Его затуманенные от виски голубые глаза следили за каждым сладострастным движением гибкого тела черноволосой женщины; сам же он, раздетый догола, сидел, широко расставив колени, на кровати, застланной малиновым атласным покрывалом, с длинной сигарой в одной руке и стаканом кентуккииского бурбона в другой.
Женщина танцевала для него, потому что он так приказал.
Танцевала уже больше часа. Ей было жарко, она устала и струйки пота стекали по округлым формам ее тела цвета меди. Густые черные волосы, разделенные прямым пробором и спадавшие до бедер, были растрепаны и влажны. Они хлестали ее по лицу и плечам, когда она кружилась на месте, извивалась и замирала в непристойных позах ради угождения светловолосому зрителю.

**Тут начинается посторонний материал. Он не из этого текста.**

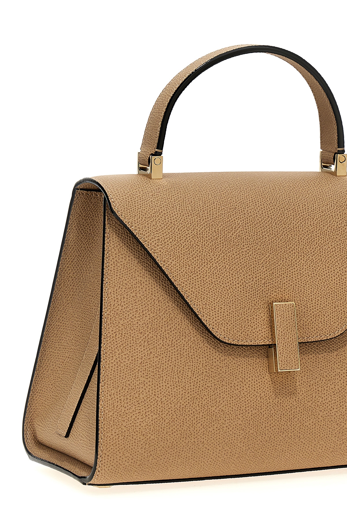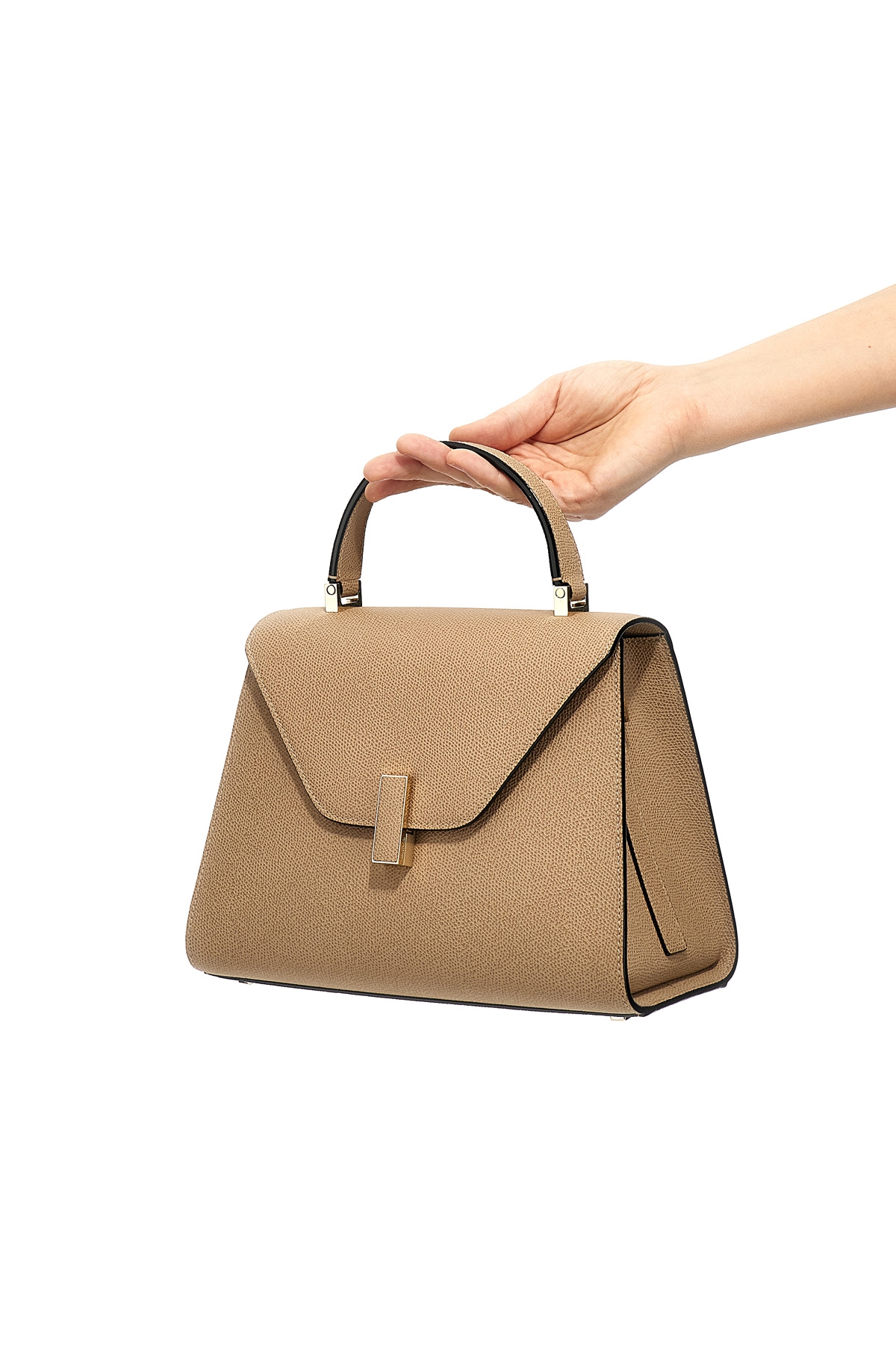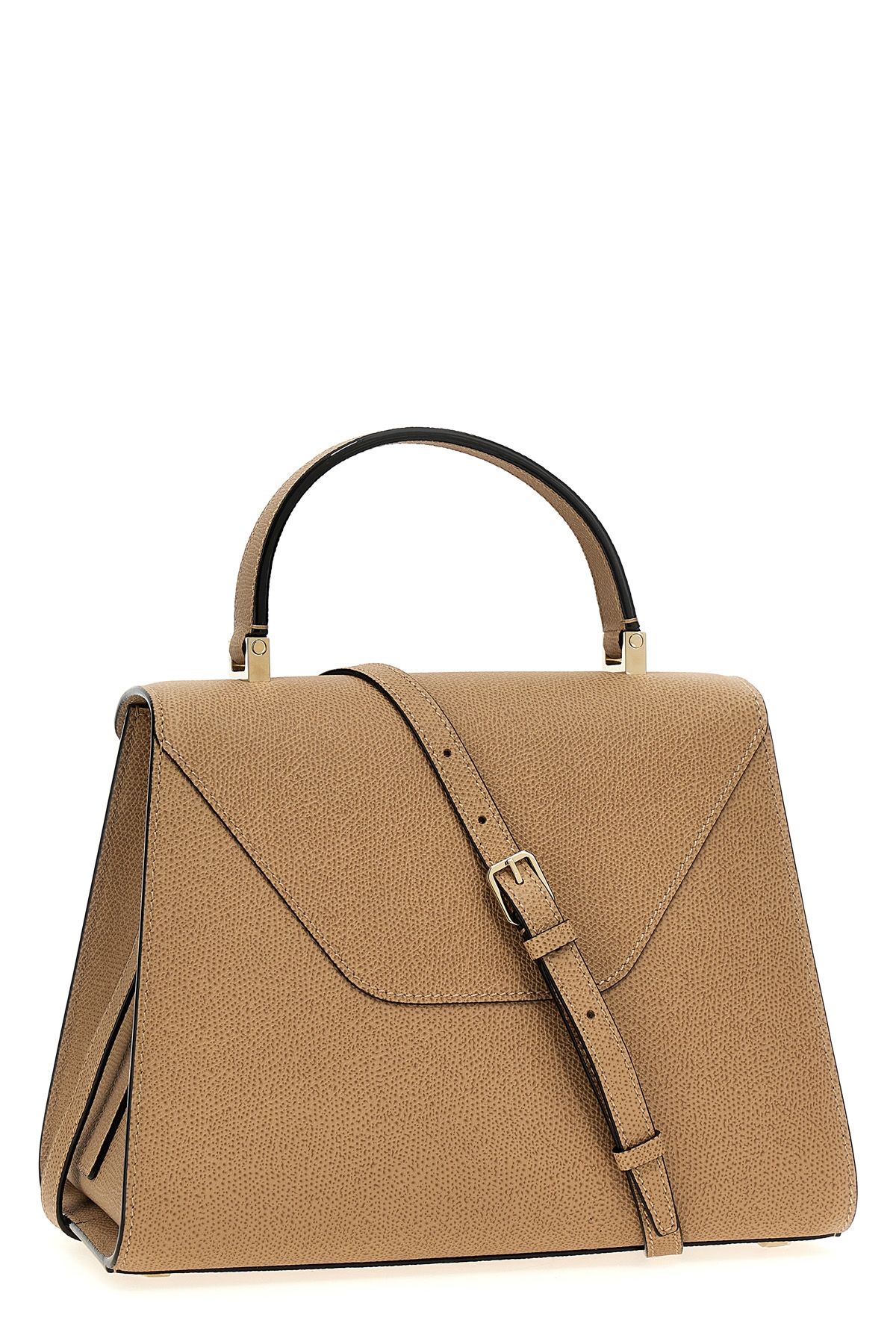 'Iside' medium handbag in Millepunte calf leather, Costa Valextra piping, fixed handle, flap turn-up closure, metal details, adjustable and removable shoulder strap.
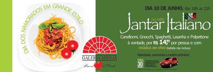 JANTAR ESPECIAL - Como a Galeria Atenas estará aberta até às 22h na sexta-feira (10), será realizado um jantar romântico ao estilo italiano, no restaurante Rafaella's (piso superior) e que também é parceiro nessa promoção.

Женщину звали Накори. Ее матери из народа апачи было пятнадцать лет, когда она родила Накори — а случилось это двадцать четыре года назад — от пожилого (за пятьдесят) англичанина, который явился в Америку с намерением пополнить число американских скотоводов.

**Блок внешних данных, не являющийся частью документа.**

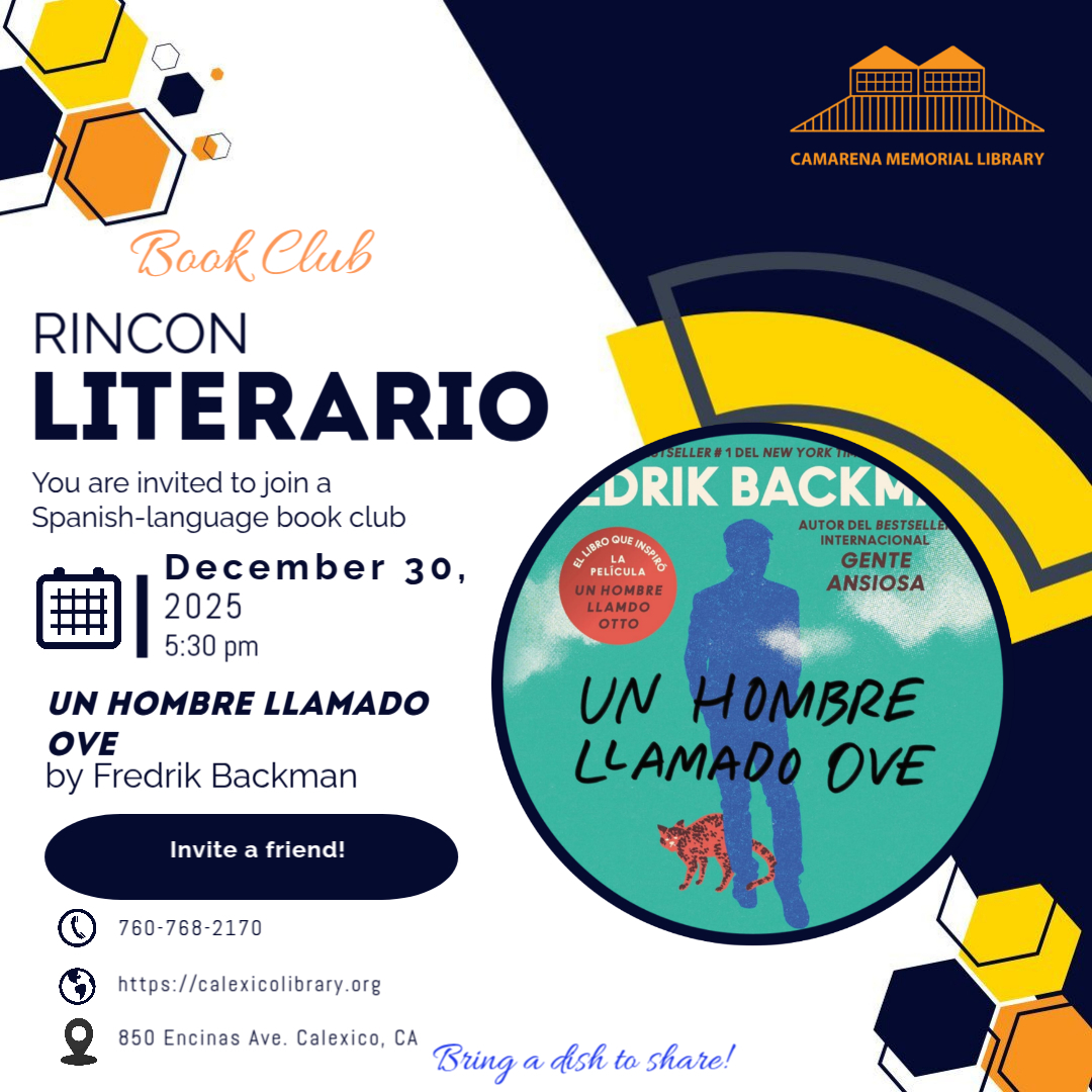 You are invited to join the new Rincon Literario Book Club. Meetings will be held on the last Wednesday of the month at 5:30 pm. It is a potluck. Bring a dish to share with the group. You may access the eBook and/or audiobook selection using Hoopla Digital. A copy of the title may be available at the library for check out.

Скотоводство не пришлось по вкусу сэру Альфреду Виттингтону, равно как не обрадовала его и перспектива стать отцом индейского младенца. Когда живот его краснокожей сожительницы слишком явно округлился, сэр Альфред прогнал ее, а сам отбыл обратно в Англию, где его дожидалась семья: степенная супруга с лошадиным лицом и пятеро детей разного возраста.
Беременная девочка-апачи вернулась к своему народу. Ее дитя увидело свет в поселении апачей-мимбреньо на севере Мексики, и все племя заботливо выхаживало младенца, а когда Накори выросла и превратилась в красивую девушку, за ней стали увиваться самые отважные из юных воинов.

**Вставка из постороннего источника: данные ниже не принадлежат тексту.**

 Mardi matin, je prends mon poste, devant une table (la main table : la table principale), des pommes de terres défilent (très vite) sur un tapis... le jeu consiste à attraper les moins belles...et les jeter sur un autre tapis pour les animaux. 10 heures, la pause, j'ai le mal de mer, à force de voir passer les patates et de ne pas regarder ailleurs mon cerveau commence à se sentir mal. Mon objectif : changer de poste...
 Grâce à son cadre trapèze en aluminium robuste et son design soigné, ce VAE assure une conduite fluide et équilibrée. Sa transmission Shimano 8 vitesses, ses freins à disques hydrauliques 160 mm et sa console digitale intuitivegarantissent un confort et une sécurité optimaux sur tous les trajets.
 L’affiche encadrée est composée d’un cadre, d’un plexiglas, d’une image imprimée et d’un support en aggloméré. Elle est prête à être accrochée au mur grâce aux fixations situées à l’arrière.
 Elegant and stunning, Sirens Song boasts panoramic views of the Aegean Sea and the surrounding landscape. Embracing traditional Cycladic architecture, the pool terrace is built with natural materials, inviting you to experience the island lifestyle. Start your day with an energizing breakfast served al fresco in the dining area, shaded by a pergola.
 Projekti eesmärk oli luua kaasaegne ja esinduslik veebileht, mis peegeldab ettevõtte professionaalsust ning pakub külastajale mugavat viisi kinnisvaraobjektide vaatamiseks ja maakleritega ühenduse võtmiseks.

Мать учила дочку английскому языку, которому сама научилась от несостоявшегося скотовода, и частенько рассказывала о великолепном доме, где жила с отцом Накори, но при этом не забывала предупредить, что от того мира ничего нельзя ожидать, кроме разбитого сердца. К двадцати годам Накори успела дважды выйти замуж и дважды овдоветь; теперь в ней понемногу разгоралось желание самой посмотреть, что же собой представляет этот мир белых людей. В одну из жарких летних ночей, улучив подходящий момент, Накори под покровом тьмы тайком покинула поселение. На ее беду, по дороге ей скоро повстречалась тройка апачей, принадлежащих не к той ветви этого народа, к которой относилась она сама, а к другой — к апачи-мескалеро. Эти трое отвезли ее к себе, в холодное становище в горах Чисо. А там их рослый худощавый вождь, устрашающе-уродливый верзила по имени Змеиный Язык, бросил на красивую светлокожую женщину один-единственный взгляд и тут же приказал своим воинам доставить ее к нему в хижину.
Все крики и протесты Накори не привели ни к чему. Через несколько минут ее втолкнули в тускло освещенное жилище Змеиного Языка. Она в ужасе обернулась: хозяин хижины вошел следом.
Отвратительный вождь-мескалеро с крошечными глазками-бусинками, огромным бесформенным носом и широким, от уха до уха, ртом, из которого привычно высовывался неправдоподобно длинный язык (отсюда и его племенное прозвище), стоял так близко, что она ощущала тепло его тела.
Накори зажмурилась и застыла от напряжения. В тишине послышался шорох и звук от падения кожаных штанов на пол. Через несколько секунд он уже стоял перед ней, обнаженный ниже пояса, но его мерзкое страшное лицо теперь было спрятано за столь же безобразной и пугающей маской дьявола.
То была грубо вырезанная маска с рогами, сделанными из выкрашенных алой краской оленьих рогов, с длинным кожаным языком и жуткими клыками и наводящими ужас мраморными глазами с прорезями под ними.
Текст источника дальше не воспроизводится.